Language comes in many varieties, including dialects, sociolects, idiolects, and established hybrids known as creoles and pidgins. When non-native speakers acquire foreign languages, they also vary in the degree to which imperfect learning affects their speech. This is immediately apparent when one listens (on the BBC World Service, for instance) to speakers who struggle with the global lingua franca, English.

As a medium of effective linguistic communication, of course, broken English must often serve because its producers may not have the luxury of speaking only when they know their version of English is grammatically correct. What they say, unfortunately, can easily grate on the ear of a native speaker (or of a foreigner whose English is impeccable) because it is a species of what can––for the nonce––be called CACOGLOSSIA (< Gk κακός [kakos] ‘bad, evil’ + γλῶσσα [glossa] ‘tongue, language’).

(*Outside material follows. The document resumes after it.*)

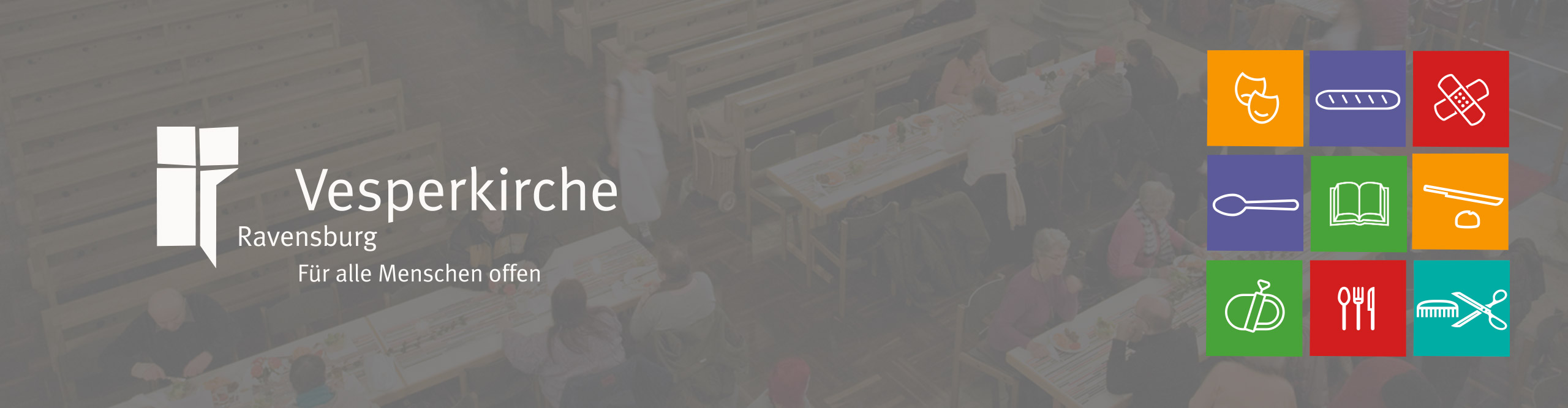 Miteinander essen, reden, leben – dieses Motto gilt für die Vesperkirche, die immer Anfang des Jahres, für drei Wochen in der evangelischen Stadtkirche in Ravensburg oder in Weingarten stattfindet. Während dieser Zeit wird die Kirche zum Lebensraum, zu einem Ort, um Kraft zu tanken und innezuhalten, einem Ort, der für alle Menschen offen ist – zum gemeinsamen Mittagessen, für Besuche der kostenlosen Kulturveranstaltungen oder auch für die Inanspruchnahme kostenloser medizinischer Versorgung und sonstiger nützlichen Dienstleistungen. Auf Basis eines von uns entwickelten umfassenden Konzeptes wurde das Logo gestaltet, der Claim und das Corporate Design entwickelt. Das Logo stellt dabei eine sich öffnende Kirchenpforte dar mit dem Kreuz in der Mitte oder auch zwei Menschen, die im Zeichen des Kreuzes in Dialog miteinander treten. Prägend bei der Gestaltung sind die in farbige Quadrate gefassten Piktogramme, welche die Vielfalt des Angebotes der Vesperkirche visualisieren und eine Bewerbung der einzelnen Angebote ermöglicht.

Cacoglossia is a phenomenon that ought to alert one to the conceptual truth of the assertion that speaking a language is like playing a musical instrument. When a person plays an instrument badly and produces cacophony, it is strictly parallel to the ill-formedness of the speech of those who have an imperfect command of the language they are using to communicate. Beauty, as regards both music and speech, can only obtain when the product and the underlying design (= grammar, score) of each sound domain are in harmony.